Pat McAfee Isn’t Running ESPN. The Algorithm Is.
ESPN didn’t surrender to Pat McAfee. It surrendered to the feed.
Sage Steele watched Donald Trump on Pat McAfee last week and made headlines saying it proved one thing.
Pat can do whatever he wants at ESPN and the execs can’t stop him. He now owns ESPN.
It’s a simple idea that many agree with. It’s wrong.
Sage is describing the world she knows, that she came up in. That version of ESPN was shaped by office politics, executive fiefdoms and a clear sense of who had the juice and who didn’t.
ESPN isn’t trapped. Something else is calling the shots.
It’s bigger than McAfee or Stephen A. Smith (who coincidentally don’t like each other) or Peyton Manning or any Bristol exec.
It’s the attention economy. And it’s not just running ESPN, it’s in power all over.
ESPN is responding to the same force that every legacy media company (and other institutions) is reacting to. They are creatively attempting to avoid a quiet and gradual decline.
If they stuck with the old formula that dominated (SportsCenter etc.) the network would be irrelevant today.
A 5 minute clip from the anchor desk will get maybe 0.8 seconds of watch time on YouTube.
Pat McAfee goes back and forth with Boston Connor about a potential Patriots Super Bowl run for 4 minutes and it’s got 444K YouTube views in an hour.
On a given day, McAfee’s show outperforms multiple ESPN studio shows combined across social.
This isn’t just personal dominance. This is velocity, the kind that is built for the algorithm.

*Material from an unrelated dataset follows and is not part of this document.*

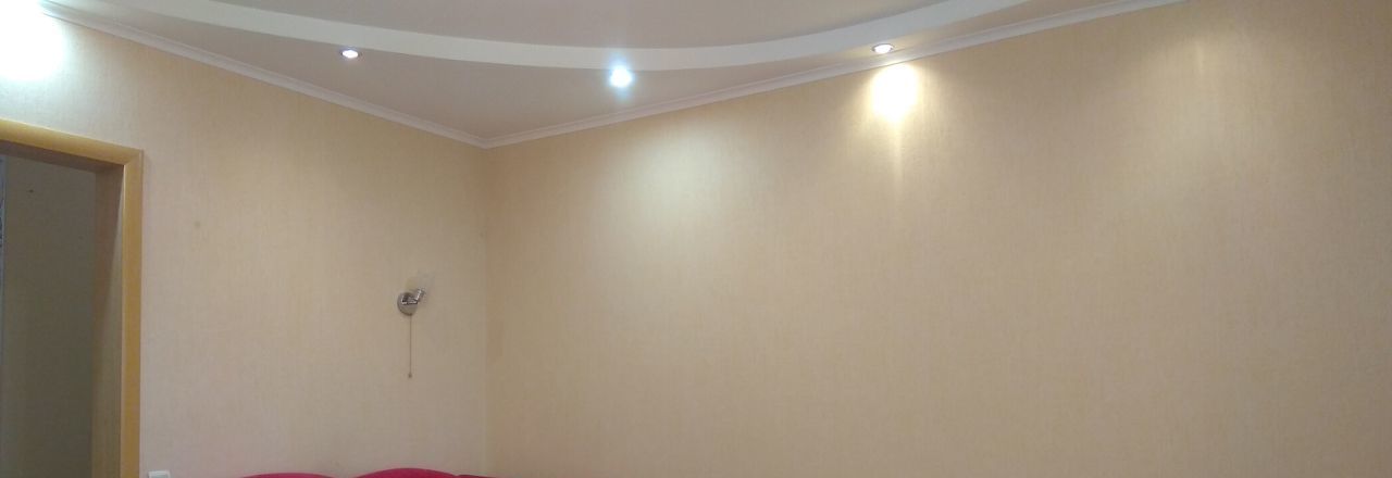 - Просторная комната (новый ортопедический матрас средней жесткости и основание, диван, журнальный столик, стулья, телевизор.
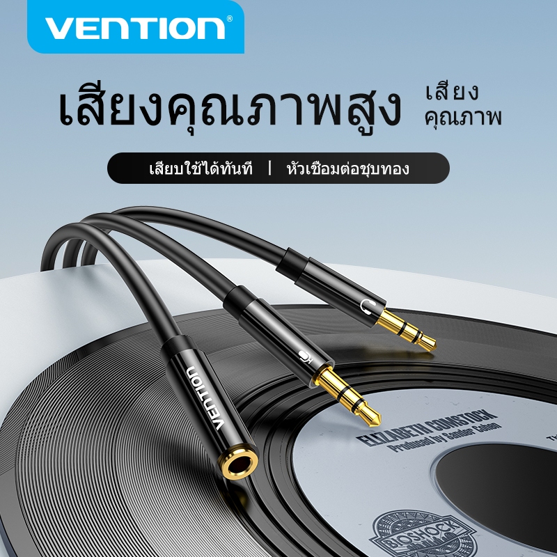 Vention อะแดปเตอร์หูฟัง แยกสายไมค์และหูฟัง 3.5 มม. ถึง ไมค์+เสียง สําหรับคอมพิวเตอร์ 3.5 มม. สำหรับหูฟัง เดสก์ท็อป แล็ปท็อป โทรศัพท์มือถือ

McAfee’s clips feel loud, chaotic, emotional and unpredictable. Everyone interrupts each other and laughs hard. A low velocity clip from the traditional shows feels polished, controlled, commoditized and forgettable.
One spreads, one sinks.
This isn’t a moral statement. It’s simply how it is now.
ESPN didn’t decide that louder was better. There were years of pushback and resistance.

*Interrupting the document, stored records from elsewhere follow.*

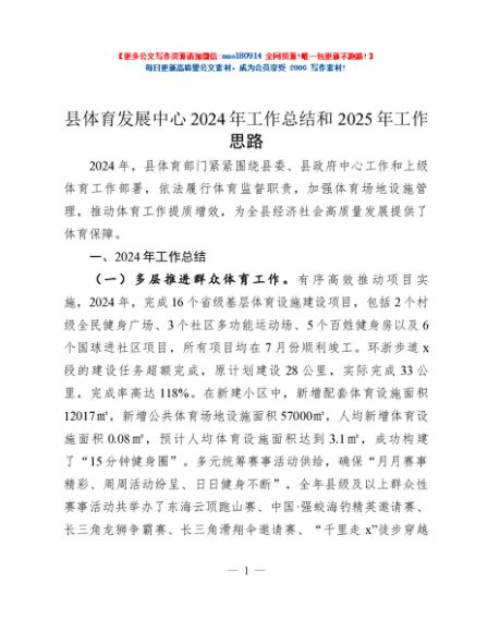 / 县体育发展中心2024年工作总结和2025年工作思路
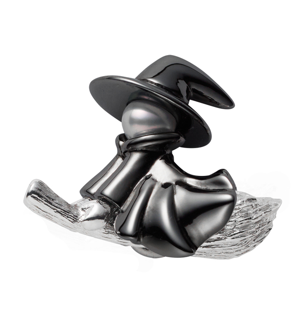 騎着掃帚飛馳的女巫胸針,以細膩的金工細節,搭配上日本Akoya白色珍珠的虹彩光澤,更顯活潑靈動。(NT$ 21,000)
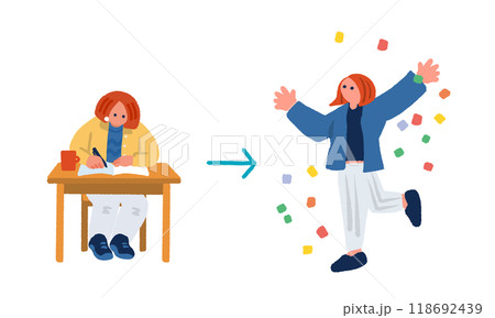 ポジティブな表情でガッツポーズをしながらジャンプする女子学生のイメージイラスト素材
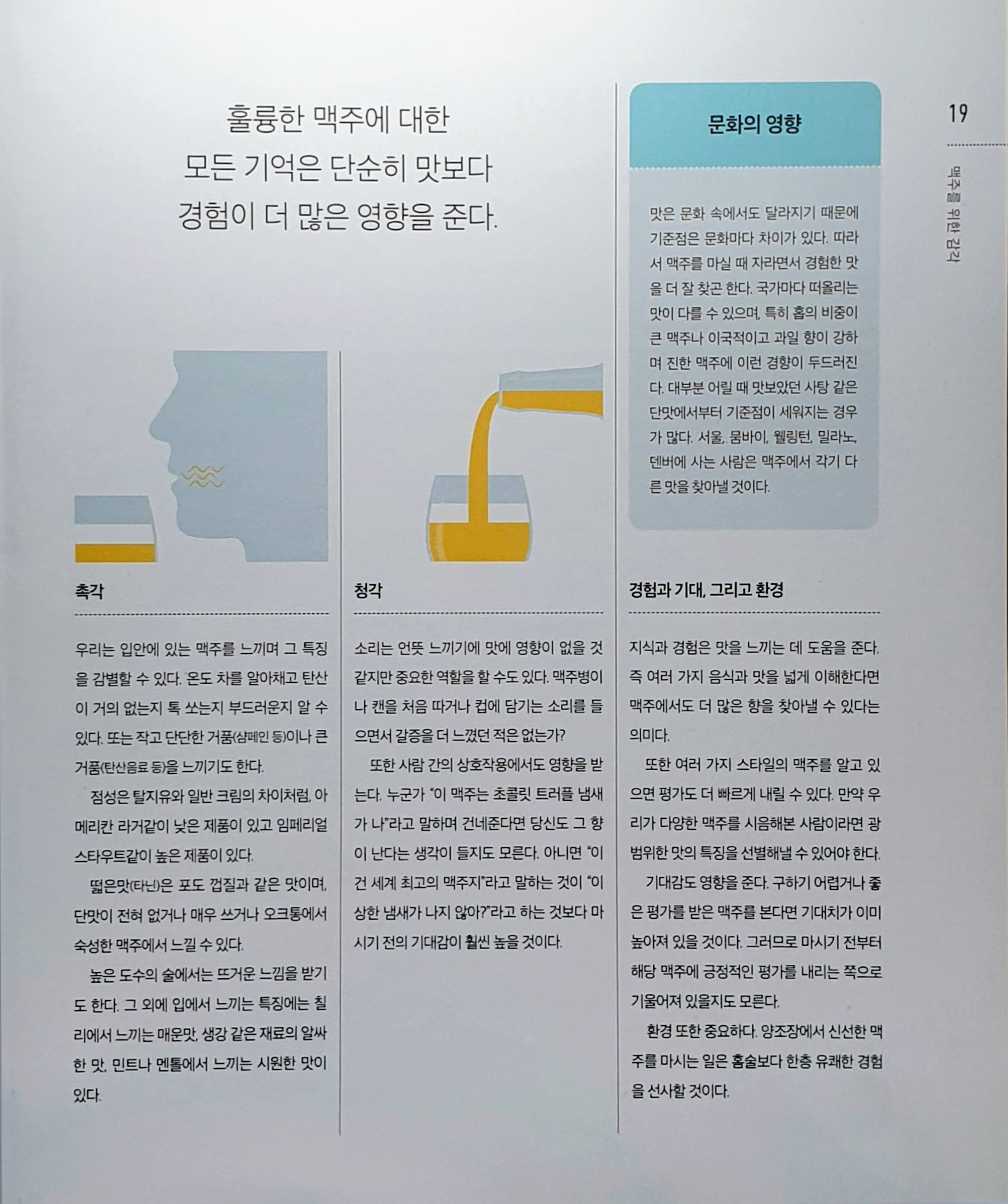맥주를 마시면서 각 감각이 어떻게 맥주의 맛을 느끼게되는지 그 과정을 상세히 설명하고 있다.
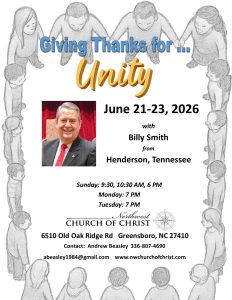 6510 Old Oak Ridge Rd Greensboro, NC 27410 Directions Northwest Church of Christ June 21 – 23, 2026 Giving Thanks for Unity Unity Gospel Meeting
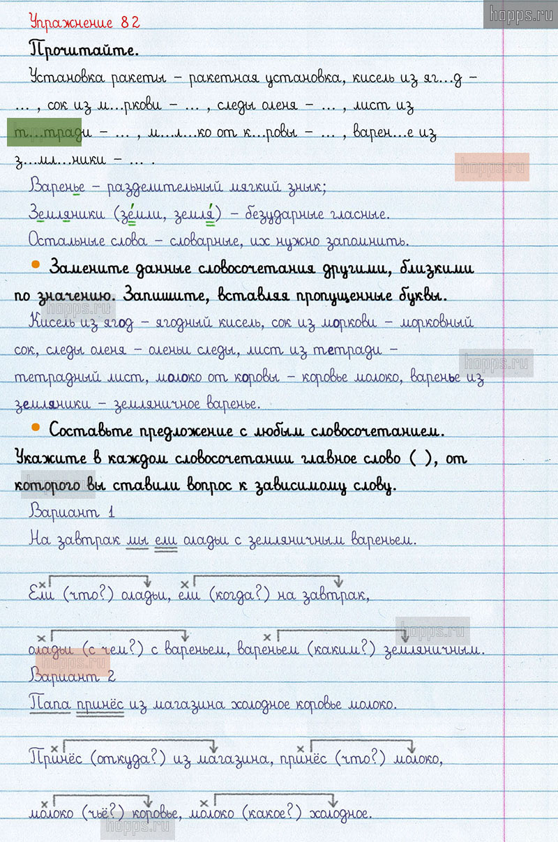 Подробные ответы к 82 упражнению 1 части учебника по русскому языку авторов В.П. Канакина, В.Г. Горецкий для учащихся 3 класса. Слово и словосочетание.
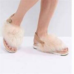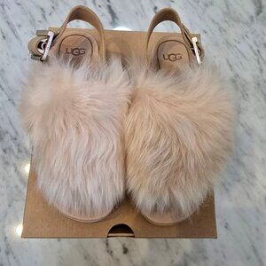 Never worn, new in original box. Rocker-inspired fluffy sheepskin over an easy summer thong sandal with 3 layers of foam cushion the footbed. Adjustable side buckle.

The algorithm decided it for them. It decided louder spreads farther and after some time, ESPN adapted to survive.
Pat McAfee benefits from this shift but he didn’t cause it. He’s not the power, he’s the product.
McAfee understands that his freedom and power comes from ESPN depending on him. His show has rope because it travels fast and wide, it goes 200 MPH on the fastest of the internet highways.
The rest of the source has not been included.